Spectrum ownership and broadcast power limitations. To operate as a wireless service provider at the scale that cell phone companies do, you need the FCCs explicit permission. The process to get approval is long, expensive, and fraught with peril (see the LightSquared debacle [1]).

This kind of regulation is ultimately justifiable. You don't want service providers using conflicting technologies and hammering each others airspace. You quickly end up with what economists call the tragedy of the commons[2].

1. http://arstechnica.com/tech-policy/2012/09/lightsquared-redu... 2. http://en.wikipedia.org/wiki/Tragedy_of_the_commons


It's my impression that the fact that a fairly limited range of frequencies are allocated for mobile phone use is a barrier to entry.

I don't think that's the main difference between the US and say... Germany though. I'm pretty sure German carriers are required to sell each other access to their networks under reasonable and non-discriminatory terms, making it fairly easy to become a carrier without building a bunch of cell towers. The phones are all GSM and almost all unlocked, so it really is as easy to switch as getting a SIM from a new carrier.

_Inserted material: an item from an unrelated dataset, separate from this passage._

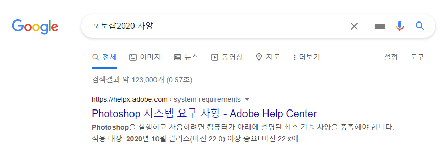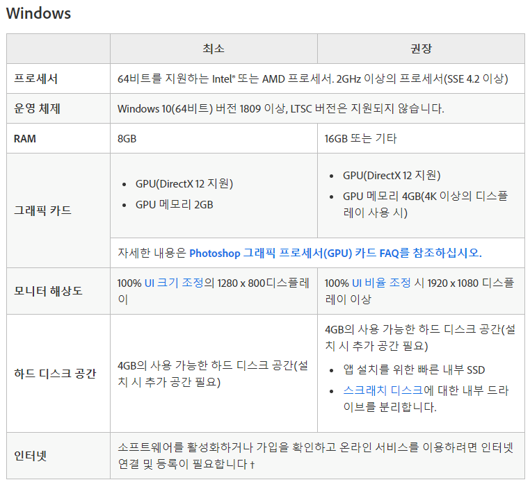 아래는 포토샵 2020버전의 최소사양과, 권장사양이다.

This actually appears to be a case of more regulation, applied to just the right spot resulting in more competition. Politically, I'm not usually in favor of a lot of regulation, but it looks like it works in this case.


I believe because it is a government-granted monopoly there must be regulation to introduce competition or the customers will be taken advantage of (especially with something like internet which should be regulated as a utility in the first place).

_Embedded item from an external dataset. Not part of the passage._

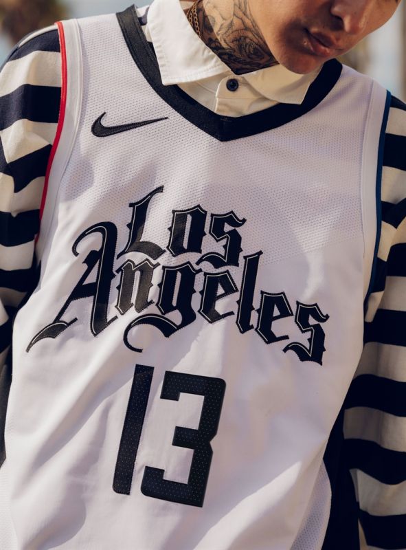 球衣以白色為主色,胸前印有以洛杉磯當地西岸刺青藝術為靈感的華麗“Los Angeles”字樣。

Like your case in Germany, and elsewhere in Europe where they are required to lease the "last mile" at a reasonable price. Internet connections in countries with these regulations are much faster and the charges are less compared to the USA.


I wrote that article (http://internetlawforbusinesses.com/2013/01/31/how-your-cell...), and while that does not necessarily make me an authority (certainly not in my own opinion), I endorse your points above - both of them.

In the US, we HAD a history of controlling monopolies and oligopolies carefully - the trust-busting era, the steel breakup, the comparatively recent AT&T breakup - but the government has largely abdicated any significant role here. The notable exception was the proposed AT&T/T-Mobile merger, which, ironically, probably would have actually helped improve technology and push down prices because both of those carriers are moving into the prepaid/pay as you go space aggressively. Unfortunately, both also use GSM band technology...

With respect to unlocking, however, I can't fathom why the device manufacturers, particularly Google/Motorola Mobility, don't play the adults here. They have more to gain from impressing the end-consumer than making time with carriers. It has to be more expensive for manufacturers to create several different versions of the same device for different carriers. In many cases, these are all but different devices - not the same radios, not the same functions, often not even the same processors. If these manufacturers made their flagship devices with both CDMA and GSM radios operating on all common bands (deactivated or not, as need may be), they would benefit from economies of scale, lowering their costs and allowing the devices to sell, unlocked, at lower costs. This would make sales directly to end-consumers more realistic, which would FORCE the carriers to improve their service, in order to bring people into their no longer walled gardens. That would force improvements in speed, price, and quality.

Right now, I guess, manufacturers benefit from advertising done by the carriers, but they also suffer from the walled garden and loss of economies of scale. I have no way of knowing which is worth more to them, but we have yet to see a true, universal, unlocked device from a carrier. We can tweak world CDMA phones to "work" on GSM networks, but not too well so far.